1. Field of the Invention
The present invention generally relates to the formation of apertures in sheet material by punching and, more particularly, to the monitoring and control of punching tools operated at high speed, especially as used in the fabrication of electronic circuit components.
2. Description of the Prior Art
The manufacture of many articles involves the formation of apertures therein. In particular, it has been the common practice in the construction of electrical and electronic devices to mount components on a perforated, insulating board or other substrate by passing leads through apertures in the board. In such a case, connections are often formed by a conductive metal pattern on the board and also by wiring passed through the board, as in constructions involving the well-known printed circuit.
In recent years, electronic circuits and devices of greatly increased complexity have been fabricated with multiple layers. One such type of device is the multi-layer module (MLM) which employs a large number of insulative layers to separate numerous conductive patterns. The respective conductive patterns may be selectively connected at holes formed in the insulative layers, commonly referred to as vias.
A particular form of MLM is the multi-layer ceramic (MLC) device in which the insulative layers are initially formed of an uncured ceramic, referred to as a green sheet. Conductive patterns are formed thereon by screening of a conductive paste onto a surface of the green sheet with a stencil or mask. Vias may be filled in the same manner or even in the same screening operation. After the conductive patterns are formed on the respective green sheets, the green sheets are assembled into an accurately registered stack and sintered under pressure to cure the ceramic and form the complete interconnection arrangement embedded therein.
Of course, in such structures, the vias are extremely small and very numerous in each of the 20 to 100 or more green sheets which may be present in a single device. This is particularly true for so-called distribution layers which serve to change the nominal conductive feature spacing in the so-called connection layers to a size and spacing (e.g. pitch) compatible with integrated circuits which are mounted thereon. Therefore, the apertures which form the vias must be accurately positioned and must be of very accurate geometry. To achieve this accuracy, a punch is generally used to form the vias. A punch is also desirable because the material from the punched hole will be of a relatively large particle size in comparison with other methods which cut or erode material from the aperture. Such material can be a source of contamination of the green sheet during further processing and larger particle size facilitates control thereof.
A punch apparatus must be very large in comparison to the holes formed in order to develop the force necessary to successfully and cleanly punch through the material (e.g. green sheet). The machining of punches to form multiple holes in a single stroke is more expensive than single hole punches. Further, the results obtained from multiple hole punches are generally inferior to the hole quality obtained with a single hole punch in terms of geometric accuracy and positioning accuracy.

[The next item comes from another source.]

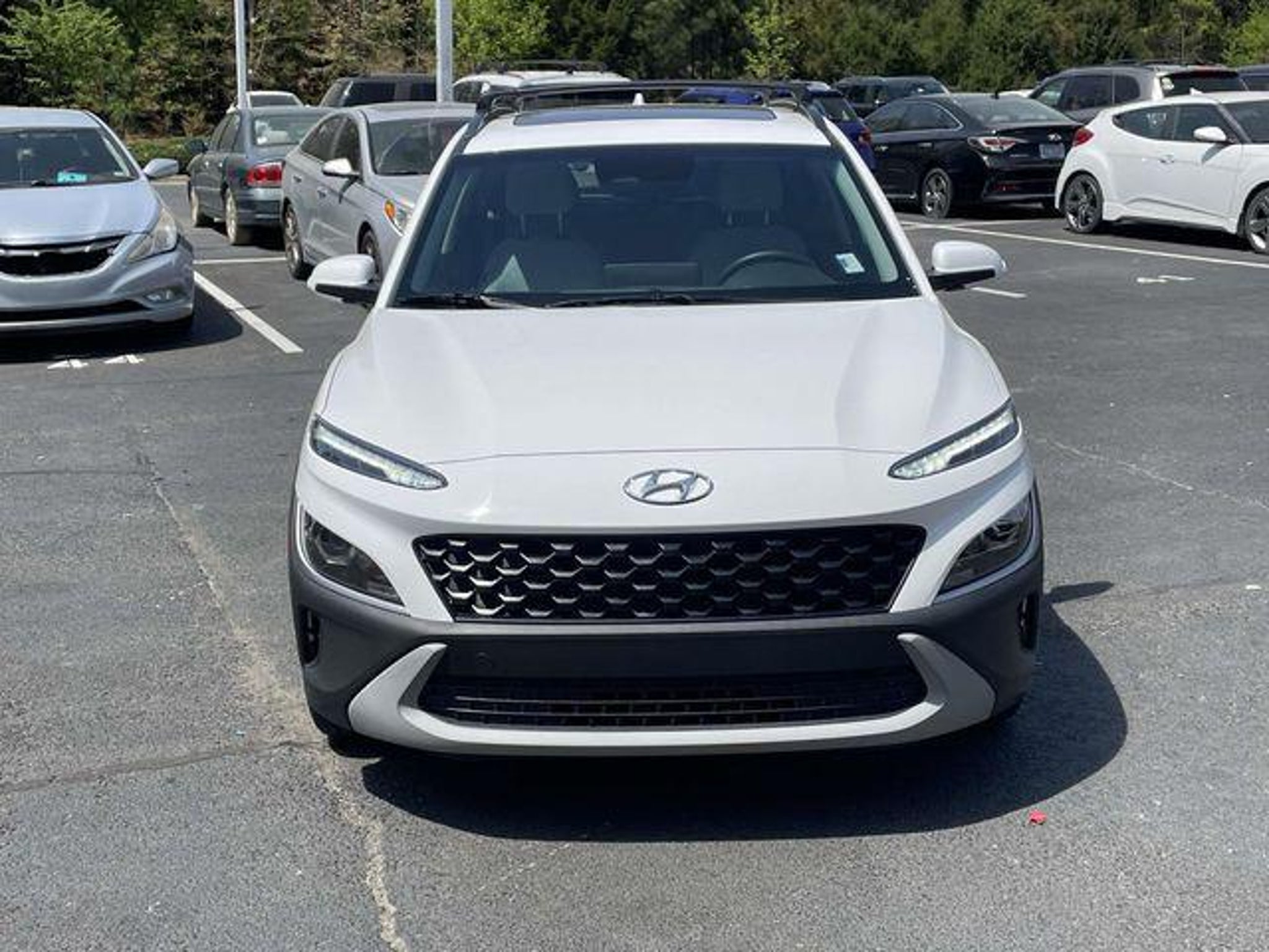 Our One Owner and Clean Carfax 2023 Hyundai Kona SEL AWD with the Convenience Pack in Lunar White is made for miles and miles of adventure! Powered by a 2.0 Liter 4 Cylinder providing 147hp matched to an intelligent CVT that makes it easy to see the world in style. This All Wheel Drive SUV achieves nearly 33mpg on the highway with a premium exterior design. Check out the compelling Convenience Pack that adds a power sunroof to our Kona's LED lighting, roof rails, 17-inch alloy wheels, and heated power mirrors. The versatile layout of our SEL cabin is impressively comfortable with our Convenience Pack, which bundles heated cloth front seats, a leather-wrapped steering wheel, automatic climate control, a 10.25-inch touchscreen, voice recognition, and wireless charging. Our Kona's well-connected infotainment system adds the digital benefits of Android Auto/Apple CarPlay, Bluetooth, and rewarding audio with HD Radio and SiriusXM compatibility. It's also easy to get in and get going with keyless access and pushbutton ignition! For safety's sake, Hyundai provides intelligent driver assistance from forward collision avoidance, blind-spot monitoring, lane-keeping assistance, a rearview camera, a driver attention monitor, a rear-seat reminder, tire pressure monitoring, and more. You can turn heads and tackle busy days in our Kona SEL! Save this Page and Call for Availability. We Know You Will Enjoy Your Fort Mill Hyundai Test Drive Towards Ownership! All advertised prices excludes government fees, taxes, installed accessories and dealer recon. Advertise price includes $625 closing fee. Call Ray today to check availability

However, if a single hole punch is used, the number of holes which must be formed in each green sheet dictates that the punch apparatus be operated a very high speed in order to achieve acceptable throughput during manufacturing processes.
Since such punches are mechanical devices, although generally operated by electrical systems, accuracy may be compromised at higher speeds where mechanical limitations are encountered due to high acceleration and deceleration forces and the geometry of the punch mechanism. In particular, when the velocity of the punch is increased, the reciprocating portion of the punch may strike other portions of the punch structure at the ends of the punching stroke and elastically rebound therefrom. Such rebounding is essentially an uncontrolled motion of the punch and, if severe, may cause unintended contact between the punch and the workpiece. At the high accuracies required in MLC structures, such contact will almost invariably cause significant damage to the green sheet as dimples in the green sheet surface which will affect the manufacturing yield of the devices made.
Since the length of the punch stroke must be limited for use at high punching rates and accuracies, uncontrolled motion due to rebounding is a substantial limiting factor in regard to the punching rates obtainable. Compensation or avoidance of such effects are non-trivial. While mechanical damping is somewhat effective in reducing rebounding, in practice, it merely allows increase in speed until deleterious effects of the rebounding motion are again encountered. Such mechanical damping often does not produce substantial gain in punching rates and the extent to which it can be applied is limited since mechanical damping causes significant punch speed reduction during the return stroke and thus increases the total time duration of a single punching operation.